The recent High Court decision of Collyer -v- Mid Essex Hospitals Services NHS Trust [2019] EWHC 357 confirms that in a clinical negligence case, the burden is on a claimant to prove their injury was caused by negligent treatment. This case should reassure defendants because it means that they do not have to offer alternative explanations for the injury that occurred.


The claimant underwent a surgical removal of the larynx in 2014 for the treatment of cancer. During surgery, he suffered catastrophic nerve damage resulting in almost no movement in his tongue, loss of speech and difficulty swallowing. The operation had been performed for over 145 years but such an injury was not a reported, let alone, recognised complication of the surgery.

In order to succeed at trial, the claimant had to satisfy the legal test that on the balance of probabilities, the damage had been caused negligently. As the injury is not a recognised complication of the procedure, the claimant argued that the most likely cause was human error which gave rise to a "presumption of negligence" against the surgeon. The maxim of res ipsa loquitur (the facts speak for themselves) was also considered but the judge confirmed that it did not apply here and it has very limited application in cases where each side calls evidence.

The claimant's expert put forward two possible negligent explanations of how the injury had occurred, but the judge accepted neither. The defendant's expert put forward non-negligent theories including pre-existing vulnerability of the nerves due to the claimant's diabetes and/or previous radiotherapy. The defendant's theories were also rejected.

The judge acknowledged that both experts were trying to assist by finding a logical explanation. However, because the outcome of this surgery is unreported and there is almost no experience of it among the profession, "both experts were forced to identify a possible cause rather than a likely one. In doing so...there were flaws in their arguments..." .
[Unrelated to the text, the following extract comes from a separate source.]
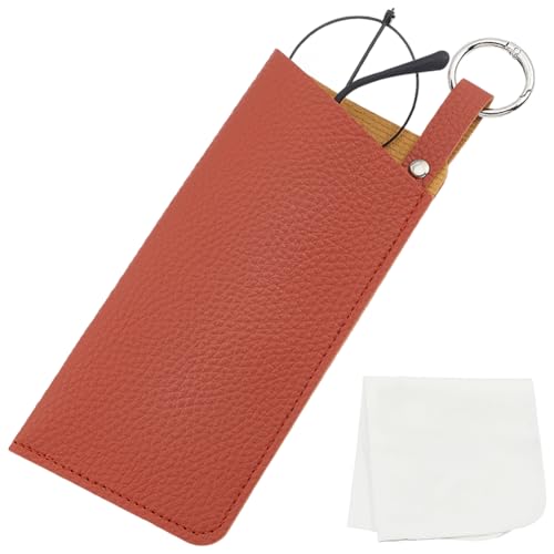 CREATCABIN Étui Lunettes Cuir Étui Lunettes Soleil Mince Portable Étui Lunettes Souple Pochette Voyage Légère avec Sangle Fermoir Chiffon Nettoyage Cadeau pour Femmes Hommes Orange Rouge 16.2x7.4cm
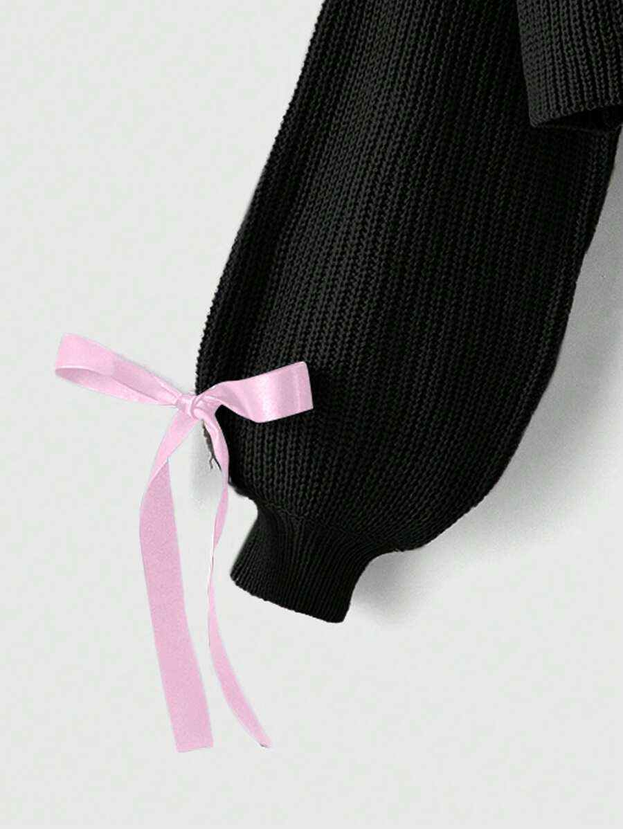 Kawaii Gentle & Lovely Ladylike Style Bow Decoration Lantern Sleeve Cardigan With Open Front

Although some theories presented a possibility of how the injury had occurred, none of them met the probability, or "more likely than not", test. The judge accepted the damage had occurred during the surgery but the mechanism of the injury remained unexplained. Consequently, the claimant failed to establish that the surgeon had been negligent and the case was therefore dismissed.


Although the case concerned liability in a clinical negligence context, it offers useful reminders for personal injury cases involving complex causation issues:

  • In cases where claimants develop unusual illnesses, they may attribute those to workplace activities or exposures. It is usual for defendants to put forward, and seek to prove, alternative causes. However, although a plausible alternative cause may assist the defence, it is not required and a case can be defended without explanation.
  • With few exceptions, the onus is on the claimant to prove how their injury or illness occurred. The reality is that there will always be cases where the cause of the injury remains unknown and unfortunately for claimants in that situation, their injuries cannot be compensated.
  • Lastly, experts should not feel compelled to identify possible cause(s) rather than likely ones. They should not be driven to theorising and if they are, they may find themselves exposed to judicial criticism and their credibility weakened.